The following is a list of unsolved problems in the area of paradoxical decompositions, equidecomposability, and finitely additive measures. The order represents the author's view as to their interest and importance.

Marczewski's Problem, Circa 1930 (3.12, 9.9)

Is there a finitely additive, isometry-invariant measure on the Borel sets in Sn, n ≥ 2 (or Rn, n ≥ 3), that has total measure one (or, normalizes the unit cube) and vanishes on meager sets? Such a measure cannot be countably additive (9.15), and so by 13.5, it is consistent with ZF + DC that no such finitely additive Borel measure exists. An equivalent problem in the case of R3 is: Is the unit cube paradoxical using pieces that have the Property of Baire?

Tarski's Circle-Squaring Problem, 1924 (7.5)

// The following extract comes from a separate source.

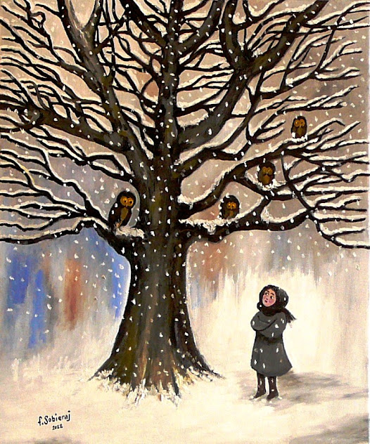 "Chouettes sous la neige", huile sur toile 55x46 cm

Is a circle (with interior) in the plane equidecomposable to a square (necessarily of the same area)?

Variations

1. (a) (p. 102) Can a negative solution be obtained if the pieces are restricted to the Borel sets? It is known that restriction to pieces that are parts of Jordan curves or two-cells (interior of a Jordan curve) yields a negative solution.

2. (b) (3.14) Is a regular tetrahedron in R3 equidecomposable to a cube using measurable pieces? A restriction to polyhedral pieces yields a negative solution (Hilbert's Third Problem).

3. […]